Dataset entries:
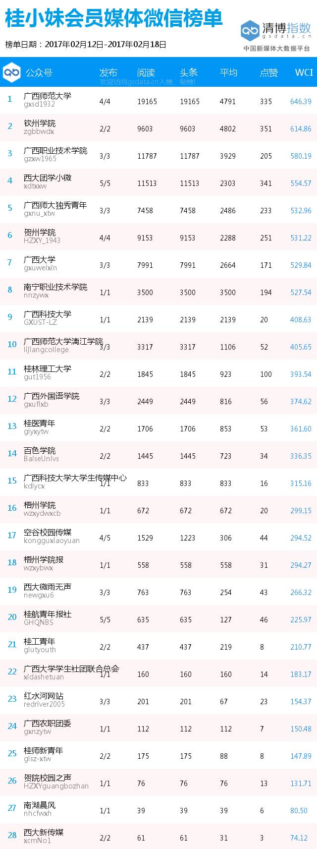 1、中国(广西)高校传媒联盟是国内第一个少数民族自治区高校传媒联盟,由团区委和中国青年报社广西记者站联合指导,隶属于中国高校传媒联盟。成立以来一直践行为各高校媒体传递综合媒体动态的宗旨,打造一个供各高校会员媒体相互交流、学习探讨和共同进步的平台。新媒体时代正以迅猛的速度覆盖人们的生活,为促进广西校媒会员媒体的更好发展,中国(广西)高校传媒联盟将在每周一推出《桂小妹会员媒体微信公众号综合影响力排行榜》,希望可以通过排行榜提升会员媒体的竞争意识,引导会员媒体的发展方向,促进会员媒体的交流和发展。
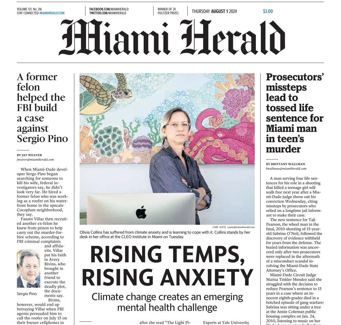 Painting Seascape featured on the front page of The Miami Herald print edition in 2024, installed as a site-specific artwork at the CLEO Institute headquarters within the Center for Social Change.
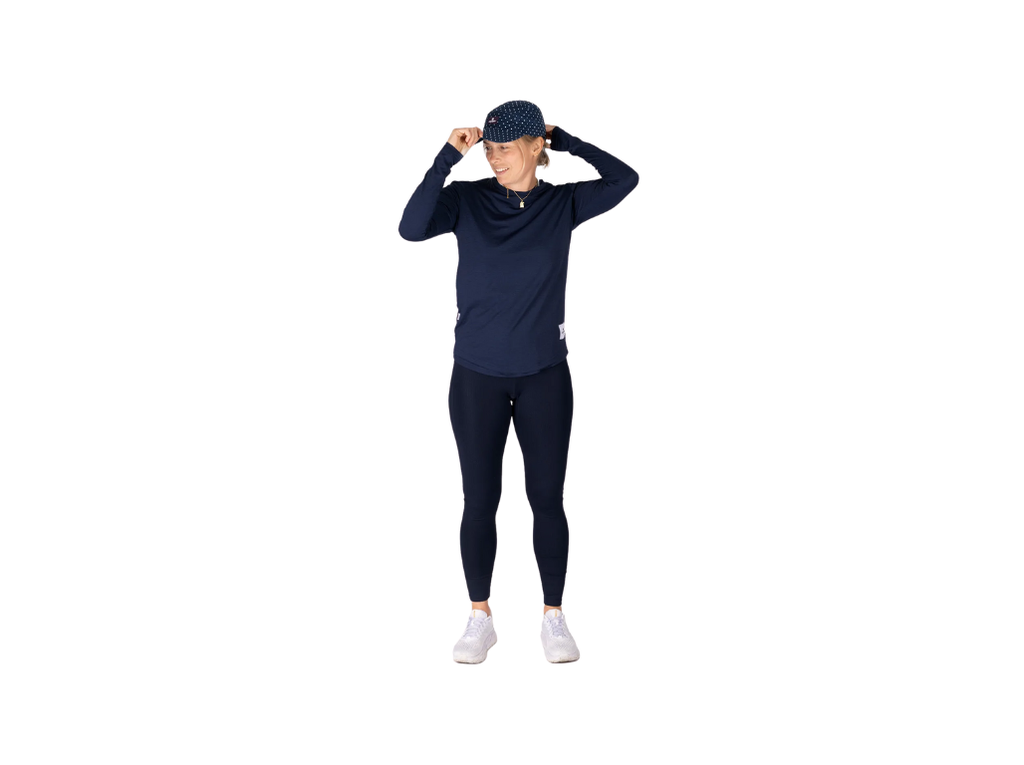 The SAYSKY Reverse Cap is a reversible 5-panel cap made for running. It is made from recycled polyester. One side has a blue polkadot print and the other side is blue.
---
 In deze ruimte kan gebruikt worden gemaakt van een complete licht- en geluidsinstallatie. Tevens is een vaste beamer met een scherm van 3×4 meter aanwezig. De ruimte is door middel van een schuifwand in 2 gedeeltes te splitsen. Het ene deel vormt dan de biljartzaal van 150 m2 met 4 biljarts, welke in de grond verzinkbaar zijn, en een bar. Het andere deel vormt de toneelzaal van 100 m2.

Exercise:
Print exactly the lines above that run from the one with "Painting Seascape featured" to the one with "The SAYSKY Reverse", both included. No pictures.

Exercise response:
 Painting Seascape featured on the front page of The Miami Herald print edition in 2024, installed as a site-specific artwork at the CLEO Institute headquarters within the Center for Social Change.
 The SAYSKY Reverse Cap is a reversible 5-panel cap made for running. It is made from recycled polyester. One side has a blue polkadot print and the other side is blue.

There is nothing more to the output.